Abstract Title

Seniors in Action: a service learning fall prevention program and the effects of peer interaction on student experience

Presenter Name

Michelle White

Abstract

Purpose: The purpose of this research was to evaluate the effects of student to student peer interactions during service learning (SL) activities on the overall learning experience.
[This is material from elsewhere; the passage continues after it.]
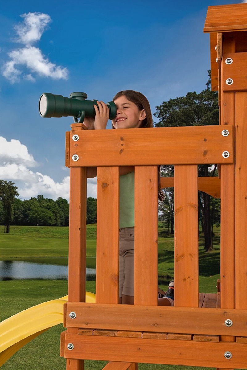 Se sujeta a una variedad de equipos de juego residencial para la compatibilidad con la mayoría de los conjuntos de juego patio trasero; La construcción de polietileno resistente y lentes de plástico añicos libres crean un accesorio de juego de columpios segura juego perfecto que cumple o excede los estándares ASTM; soporte de montaje desmontable y diseño simple, moldeado por inyección asegurar la longevidad de su accesorio columpio contra los elementos y el tiempo de juego vigoroso; Diseñado para su uso con equipos de juego residencial, destinada a niños de 3-10 años de edad; diseño simple super y hágalo usted mismo equipo de hardware para hacer una instalación minutos de duración que mantendrá su accesorio columpio conseguir a través del uso prolongado al aire libre Telescopio zona de juegos de accesorios de Creative Cedar diseños es además del explorador definitiva para cualquier conjunto residencial juego! , Diseño de gran tamaño accesible y Compass ilustraciones estimulan su pequeño navegador para explorar un mundo imaginativo de juego desde la seguridad de su sistema del juego del patio trasero! jugar al Juego de accesorios viene con telescopio de plástico, soporte de montaje, el hardware y las instrucciones de instalación. Adicional Filtrado Todos nuestros productos estan en inglés SKU 12111717283

Materials/Methods: Sixty eight Doctorate of Physical Therapy (DPT) students were randomly assigned to one of two SL activities. SL 1 was a fall prevention program called Seniors in Action, in which each pair of DPT students had to assess fall risk and implement exercise programs working directly with senior participants. Activity 2 was an in-class case study based on the assessment derived from SL 1, including plan of care development without exercise implementation. All students spent 5 hours involved in one of the two SL activities and were supervised by a licensed DPT. Outcomes were assessed by the student responses to pre- and post- surveys using a Likert-like scale and self-reflection comments. Questions on pre- and post- surveys evaluated the anxiety level on working with seniors, confidence level in ability to communicate, screen for risk for falls, interpret results, as well as the effect of peer interaction on facilitating the learning activities. Data was analyzed with paired t-tests.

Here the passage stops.